Они увязались за мной в безлюдной и тёмной серёдке парка. Их двое: Бомж – крепкий мужик неопределённого возраста в драном плаще, с пакетом дребезжащих бутылок, и Проныра – вертлявый паренёк в кепке, похожий на уголовную шестёрку, какими изображает их отечественная кинематография. Оба движутся в пятидесяти шагах, повторяя все мои повороты последние десять минут. Вопросов почти не осталось – они поджидали меня и никого другого.

Черту под сомнениями подводит выстрел. Пуля шуршит над головой и, выбросив щепки, исчезает в сосне. Итак, мои преследователи не расположены к разговору. Накатывает запоздалый звук выстрела, тут же угасший в ближайших деревьях, но для меня он звучит отчётливо, словно стартовый револьвер. Они стреляют, а значит мне остаётся только бежать.

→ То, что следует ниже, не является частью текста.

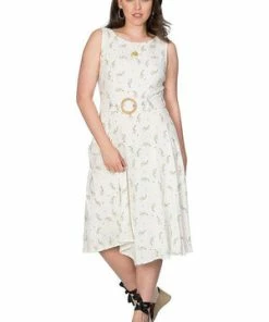 The midi dress has all over floral print, rear detail waist belt, round neckline, invisible centre and back zipper.
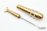 Each piece weighs about 1kg, 25.5cm in length. Body is machined out of solid brass. The inlays, small spikes on the body and hidden spike are all stainless steel. F**H comes with a wooden (black walnut) display stand.
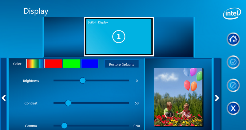 P.S: The Color correction no more available in the Display Wizard (Read-only now), adjustments is now ONLY available in Intel’s Graphic Media Accelerator Display client:
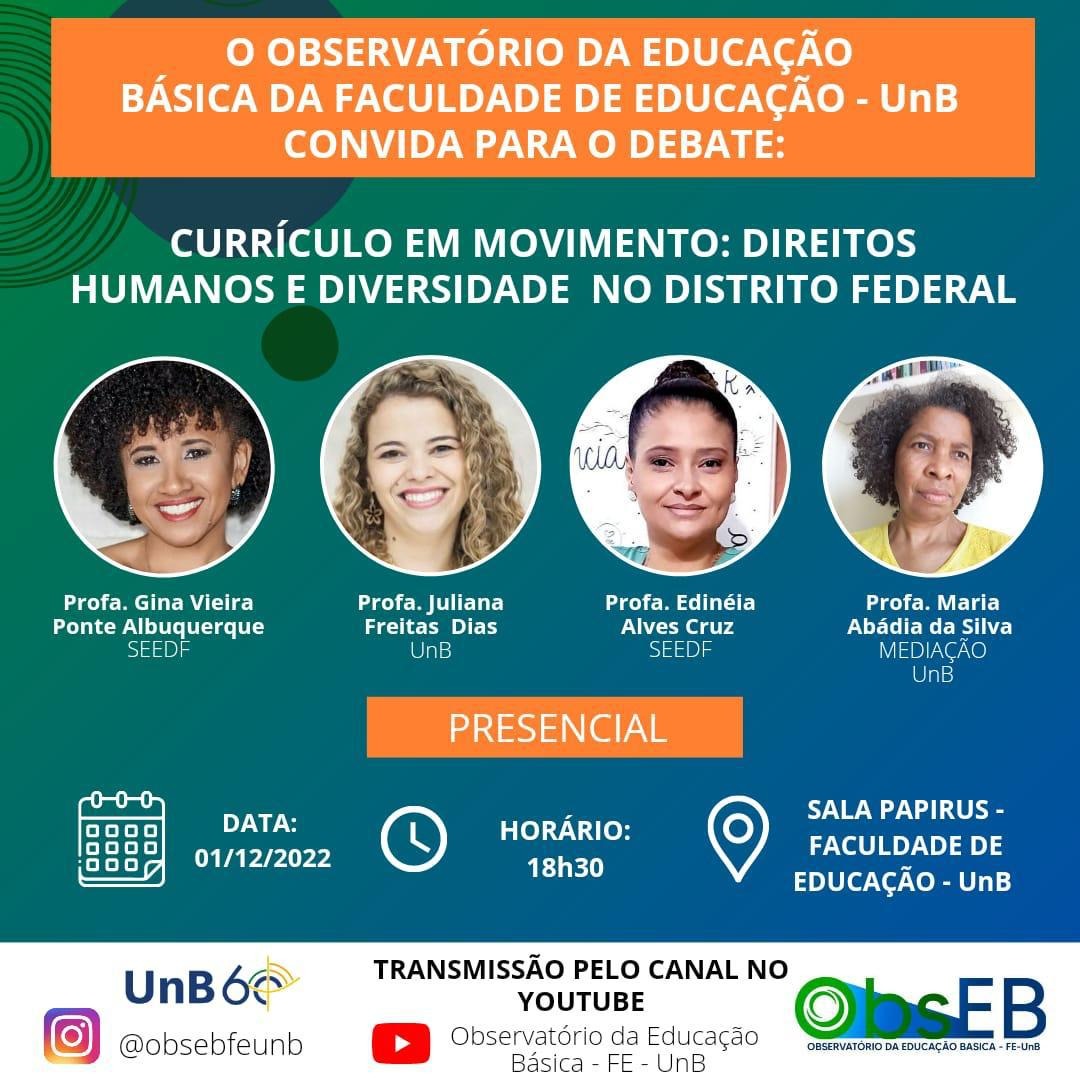 O Observatório da Educação Básica da Faculdade de Educação da Universidade de Brasília (ObsEB/UnB) debate, no dia 1º de dezembro, às 18h30, o tema: Currículo em Movimento: Direitos Humanos e Diversidade no Distrito Federal. O debate contará com a participação das professoras Gina Vieira Albuquerque, da Secretaria de Educação do DF (SEEDF); Juliana Freitas Dias, da Universidade de Brasília (UnB); e Edneia Alves Cruz, também da SEEDF. A mediação ficará sob a responsabilidade da professora Maria Abadia da Silva, da UnB.
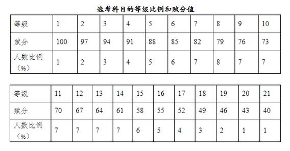 答:考生选考成绩按等级赋分,起点赋分40分,满分100分,共分21个等级,每个等级分差为3分。具体以当次当科考试考生卷面得分(满分100分)为依据,按最接近的累计比例划定等级并按对应关系赋分,其中第21等级比例不超过1%。
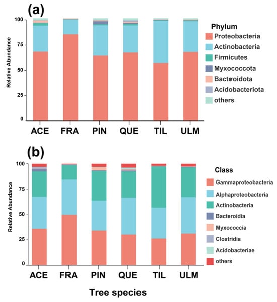 Histogram of relative abundance of phyllosphere bacteria of dominant tree species in a temperate mixed forest of Changbai Mountain at the level of phylum (a) and class (b) level. Abbreviations of tree species: ACE: Acer mono; FRA: Fraxinus mandshurica; PIN: Pinus koraiensis; QUE: Quercus mongolica; TIL: Tilia amurensis; ULM: Ulmus japonica.
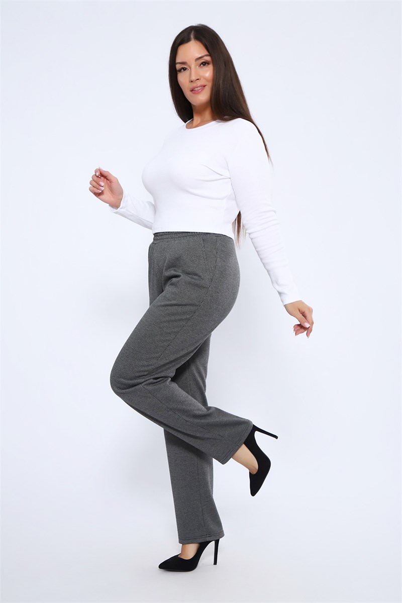 Очень удобные и практичные брюки на прохладное время года. Изготовлены из плотного трикотажного жаккарда, в составе которого 45% вискозы, что обеспечивает комфорт при носке изделия. Брюки прямого кроя, зауженные к низу, пояс на резинке заготовлен на спецмашине, по бокам внутренние карманы. Брюки будут незаменимы и на работе ,и на прогулке. Будут хорошо смотреться и с классической обувью на каблучке, и со спортивной. Широкий размерный ряд до 62 размера. В замерах обхват талии соответствует длине резинки в растянутом виде.
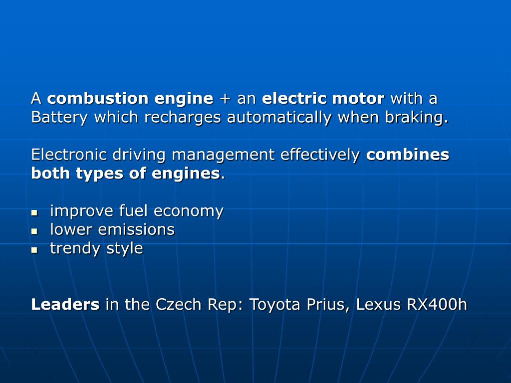 A combustion engine+ an electric motor with a Battery which recharges automatically when braking. Electronic driving management effectively combines both types of engines. • improve fuel economy • lower emissions • trendy style Leaders in the Czech Rep: Toyota Prius, Lexus RX400h

Бегу, стараясь оставить между собой и преследователями побольше деревьев и бугров. Ритмичное бряцанье бутылок за спиной обрывается, раздаётся звонкий хруст – Бомж отбросил ненужную ношу. Ага! Это вам не бабочек ловить. Лёгкая атлетика! Как у нас говорилось – царица полей. Учился—то я в школе со спортивным уклоном. И хотя любовь к пиву со временем обернулась солидным брюшком, но и курить я не начал, а потому лёгкие качают кислород без труда.

Бегу вполсилы, лениво маневрирую. Палая хвоя приятно пружинит под кроссовками. Преследователи больше не стреляют, а скоро и вовсе стрелять не смогут: во—первых, сбитая дыхалка не позволит прицелиться, а, во—вторых, вот—вот людно станет – парк невелик и шум города слышен всё ближе.

Выскакиваю на площадь перед ДК ГАЗа, бросаюсь к краснокирпичному павильону метро. Народ брызгает в стороны, словно мальки от окуня. Барабаню ногами по ступенькам, спотыкаюсь, задеваю плечом какую—то бабку…

– Извините, – кричу за спину…

Состав стоит, но это ничего не значит. Станция—то конечная, интервалы большие. Он так долго простоять может. Несусь по платформе к другому выходу. Оглядываюсь – мои преследователи равняются с последним вагоном.

– Осторожно двери закрываются, – бодро сообщает магнитофон. – Следующая станция «Кировская».

Название станции записанный на плёнку диктор объявляет особенно торжественно. Будто это не станция, а руины древнего города. Ныряю. Двери пфукают и нестройным громыханием сопровождают первый толчок поезда. Поехали. Стараясь дышать глубоко и ровно, я обдумываю ситуацию. На «Кировской» можно выскочить и поменять направление, но тут не подгадаешь с интервалами – нижегородское метро не московское. Лучше всего проехать до «Комсомольской». Да, пожалуй, так будет вернее. Что я могу сказать? Они сильно удивятся, когда через станцию не обнаружат меня в этом поезде.

***

Ворота я нашёл совершенно случайно.

Было мне лет пятнадцать, и я гостил у родственников в Волгограде. Каникулы подходили к концу, и я уже собирал вещи, когда моим родителям пришло в голову через родственников устроить меня на приём к зубному врачу. В те времена хороший врач считался таким же дефицитом как чешское пиво, венгерские кроссовки или подписка на «Иностранную Литературу» (старшее поколение могло бы добавить к этому перечню финскую сантехнику, польскую или болгарскую парфюмерию и многое другое). К хорошим врачам попадали по великому блату, в обмен на продовольственные наборы или шоколадные конфеты фабрики «Россия». К моему сожалению, у родственников такое знакомство нашлось.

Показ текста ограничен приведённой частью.